Segment Start: Provided records

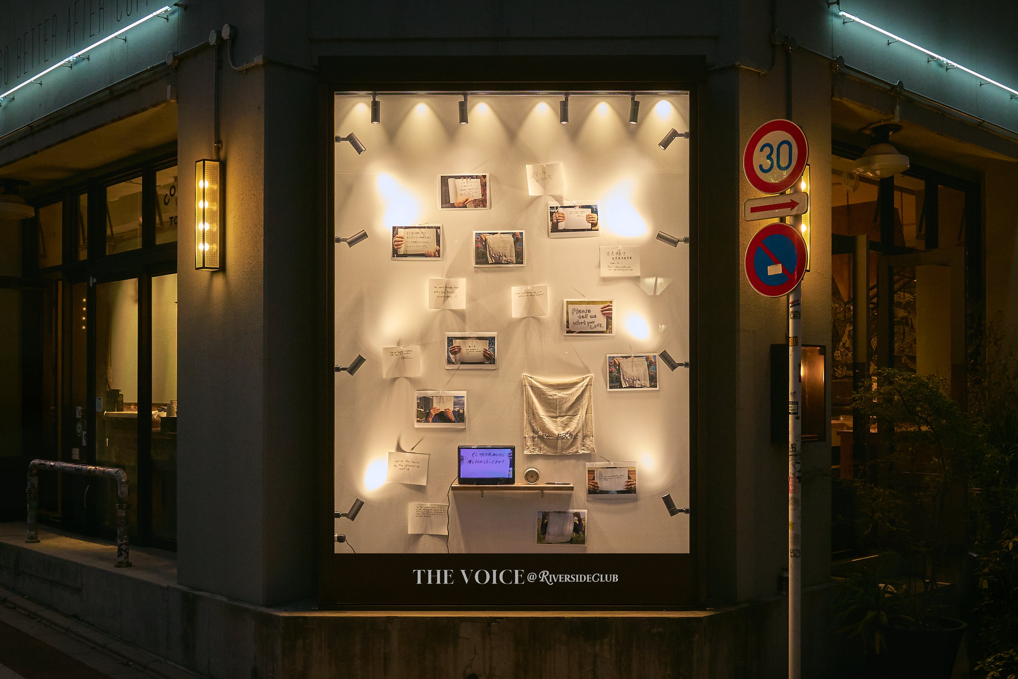 カルチャー・ハブとしての役割を強めるため、RIVERSIDE CLUBではアートに関わる取り組みも本格的に拡張しました。店外の壁面ウインドウでは、アーティスト・稲垣直子によるアートプロジェクト「THE VOICE」を始動。3ヶ月ごとに更新されるこの展示は、街ゆく人々に社会的メッセージを投げかける“公共のキャンバス”として機能します。約13インチのスクリーンに映し出される映像と文字が、日常の風景の中に静かな問いを生み出し、街のなかに新しい会話のきっかけをつくり出します。
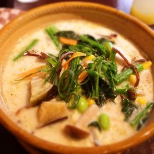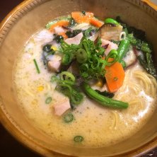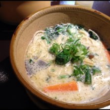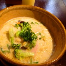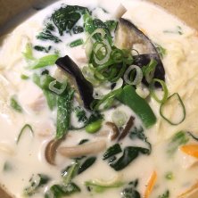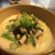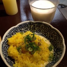 グリーンカレーラーメン! ゆず効かせても旨いーーー! 替えメシは定番の! そう、黄色い米!←名前出て来ない
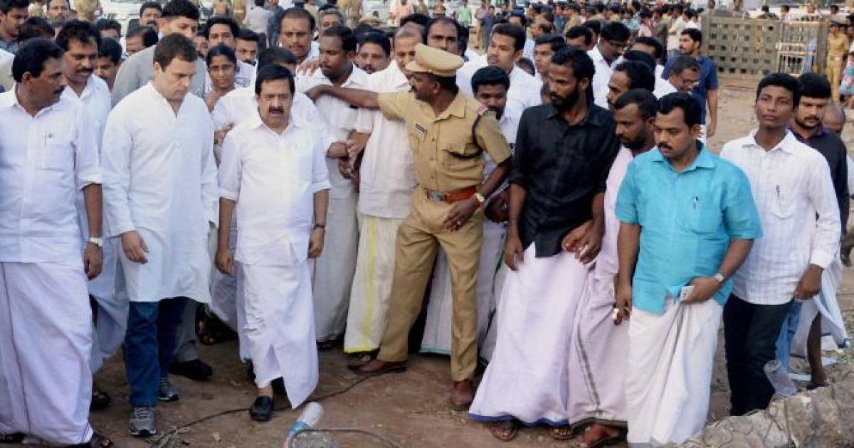 Image: Congress vice president Rahul Gandhi visits the tragedy site in Kollam. Photograph: PTI
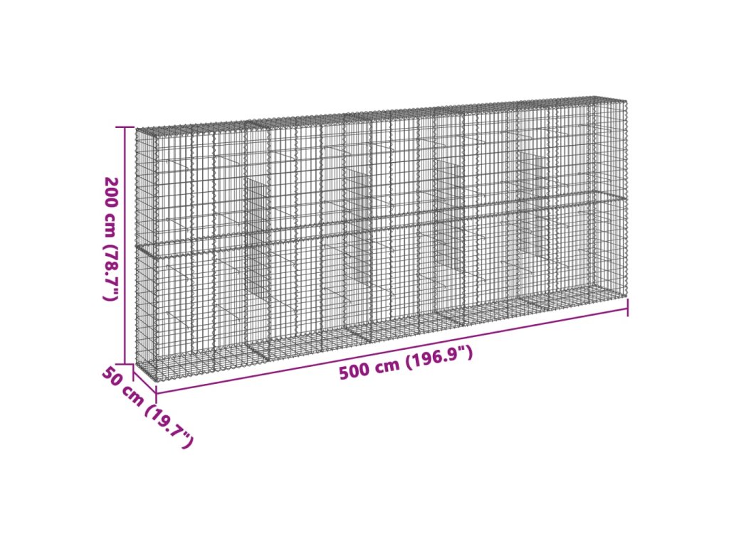 Gabionový koš s víkem 500 x 50 x 200 cm pozinkované železo 3295170
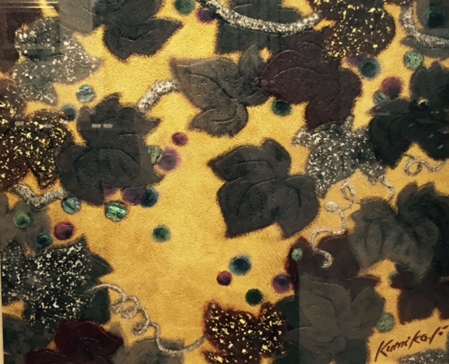 最近の作品で一番大きい額です。これからの季節に合う題材。葡萄は和にも洋にも室礼が出来る幅広い世界をもっています。メキシコ貝と金箔タタキ地にグレーの葉という配色に挑戦した作品です。
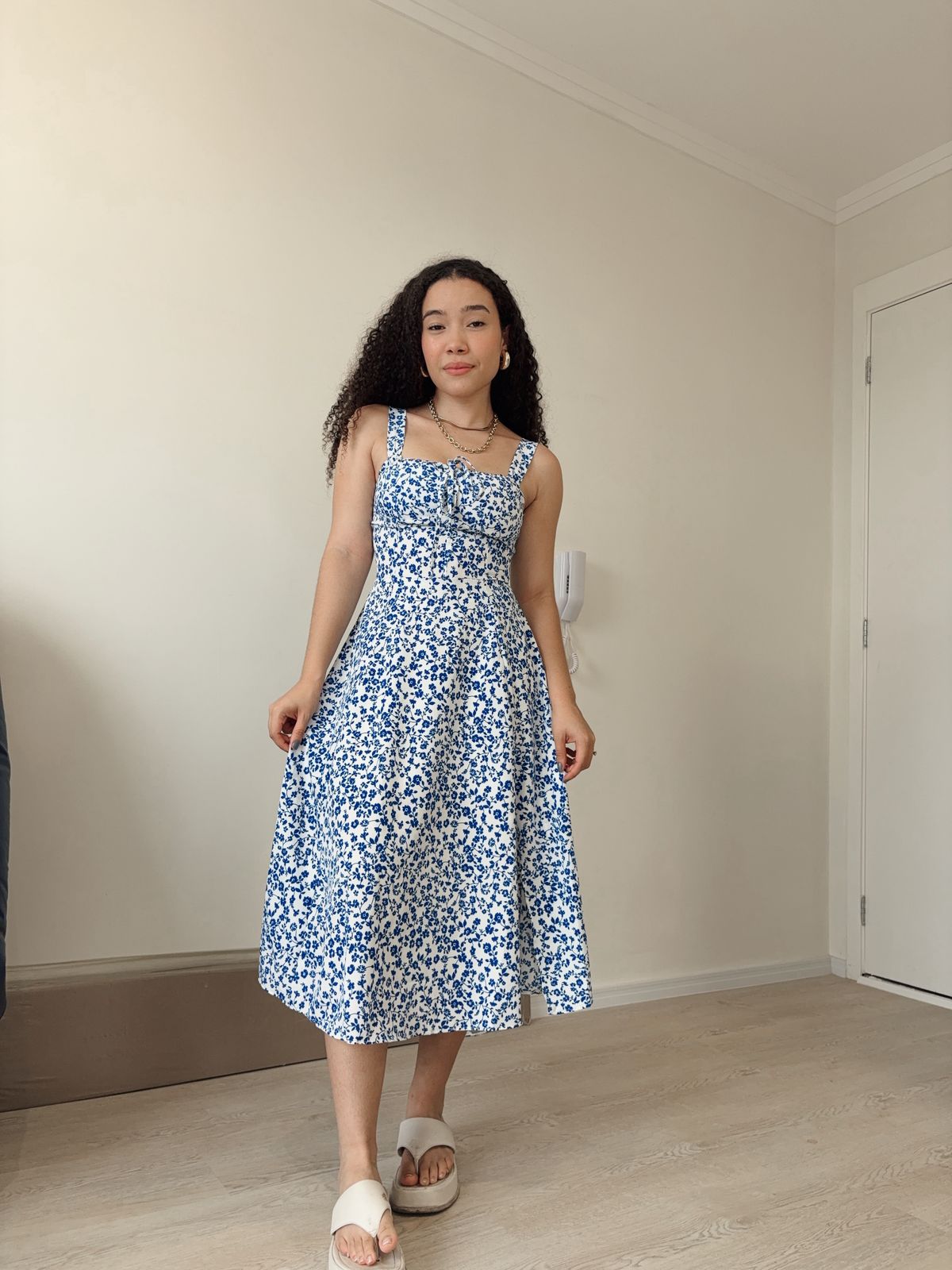 Vestido alcinha acinturado com amarração Talita midi flores
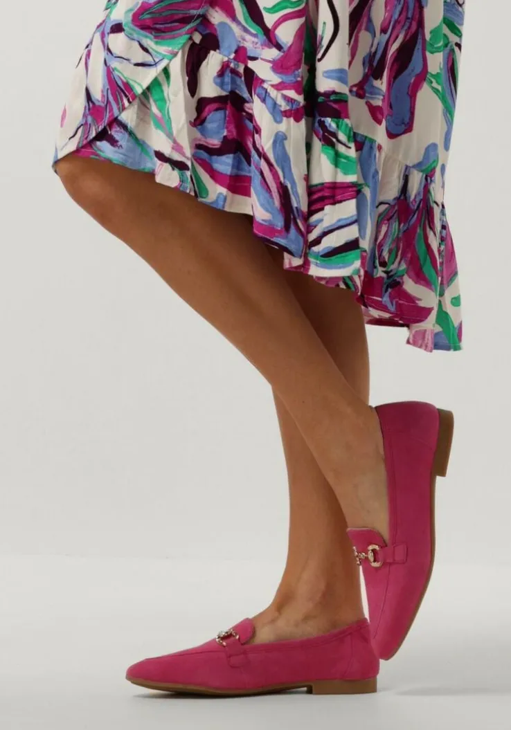 Stap in stijl met deze roze suéde loafers van AYANA. Dit model is gemaakt van roze suéde en heeft op de wreef een goudkleurige detail. De binnenkant bestaat uit leer en suéde en heeft een zacht vastvoetbed. Een leuk detail is de opstaande neusnaad en de spitse neus. De gladde zool is gemaakt van rubber en heeft een gelaagd blokhakje van 2 centimeter hoog dat de loafer extra elegant maakt. Combineer ‘m met je favoriete jeans of draag ze onder een leuk rokje.
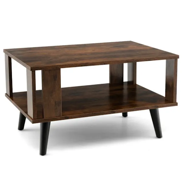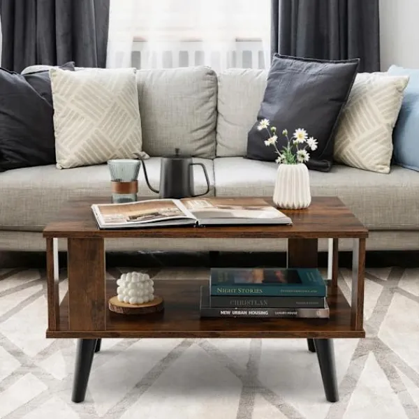 Detta soffbord kombinerar rustik charm med modern industridesign. Den generösa bordsskivan rymmer kaffekoppar, snacks, laptop eller fjärrkontroll, medan den öppna hyllan under ger plats för böcker, tidningar och förvaringslådor. Sidopaneler förhindrar att föremål glider ner, och de höga benen gör det enkelt för robotdammsugaren att komma åt under bordet.
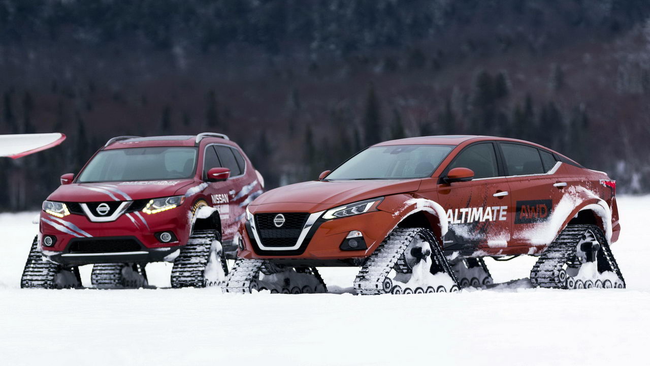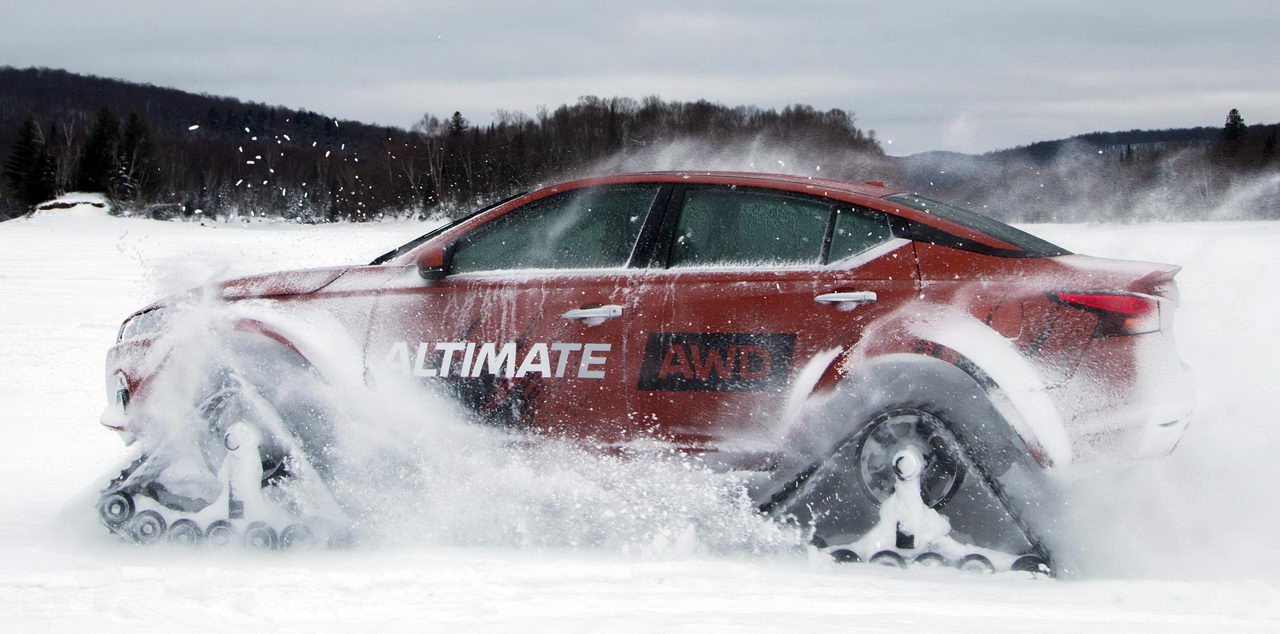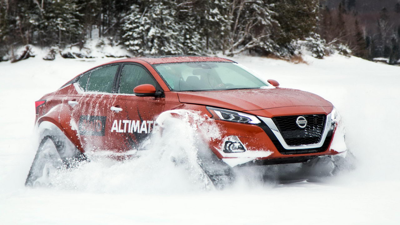 Компания Nissan представила экспериментальную версию седана Altima на гусеничной тяге, приуроченную к годовщине выпуска полноприводной модификации модели.
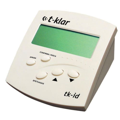 Idenficador de Chamadas Bina T-Klar Tk-Id Branco Com o identificador de chamadas t-klar, por saber a origem das chamadas, o usuário passa a ter mais segurança e tranqüilidade para atender as ligações feitas para sua casa. Características: - Sistema DTMF / FSK - 99 ligações recebidas - 25 ligações efetuadas - Ajuste de contraste do visor - Filtro de DDD - Registra data e hora da ligação - Disponível também nas cores: Preto e Vinho

Segment End: Provided records

_Work required_: Output the records verbatim without pictures.

_Worked solution_:
 カルチャー・ハブとしての役割を強めるため、RIVERSIDE CLUBではアートに関わる取り組みも本格的に拡張しました。店外の壁面ウインドウでは、アーティスト・稲垣直子によるアートプロジェクト「THE VOICE」を始動。3ヶ月ごとに更新されるこの展示は、街ゆく人々に社会的メッセージを投げかける“公共のキャンバス”として機能します。約13インチのスクリーンに映し出される映像と文字が、日常の風景の中に静かな問いを生み出し、街のなかに新しい会話のきっかけをつくり出します。
 グリーンカレーラーメン! ゆず効かせても旨いーーー! 替えメシは定番の! そう、黄色い米!←名前出て来ない
 Image: Congress vice president Rahul Gandhi visits the tragedy site in Kollam. Photograph: PTI
 Gabionový koš s víkem 500 x 50 x 200 cm pozinkované železo 3295170
 最近の作品で一番大きい額です。これからの季節に合う題材。葡萄は和にも洋にも室礼が出来る幅広い世界をもっています。メキシコ貝と金箔タタキ地にグレーの葉という配色に挑戦した作品です。
 Vestido alcinha acinturado com amarração Talita midi flores
 Stap in stijl met deze roze suéde loafers van AYANA. Dit model is gemaakt van roze suéde en heeft op de wreef een goudkleurige detail. De binnenkant bestaat uit leer en suéde en heeft een zacht vastvoetbed. Een leuk detail is de opstaande neusnaad en de spitse neus. De gladde zool is gemaakt van rubber en heeft een gelaagd blokhakje van 2 centimeter hoog dat de loafer extra elegant maakt. Combineer ‘m met je favoriete jeans of draag ze onder een leuk rokje.
 Detta soffbord kombinerar rustik charm med modern industridesign. Den generösa bordsskivan rymmer kaffekoppar, snacks, laptop eller fjärrkontroll, medan den öppna hyllan under ger plats för böcker, tidningar och förvaringslådor. Sidopaneler förhindrar att föremål glider ner, och de höga benen gör det enkelt för robotdammsugaren att komma åt under bordet.
 Компания Nissan представила экспериментальную версию седана Altima на гусеничной тяге, приуроченную к годовщине выпуска полноприводной модификации модели.
 Idenficador de Chamadas Bina T-Klar Tk-Id Branco Com o identificador de chamadas t-klar, por saber a origem das chamadas, o usuário passa a ter mais segurança e tranqüilidade para atender as ligações feitas para sua casa. Características: - Sistema DTMF / FSK - 99 ligações recebidas - 25 ligações efetuadas - Ajuste de contraste do visor - Filtro de DDD - Registra data e hora da ligação - Disponível também nas cores: Preto e Vinho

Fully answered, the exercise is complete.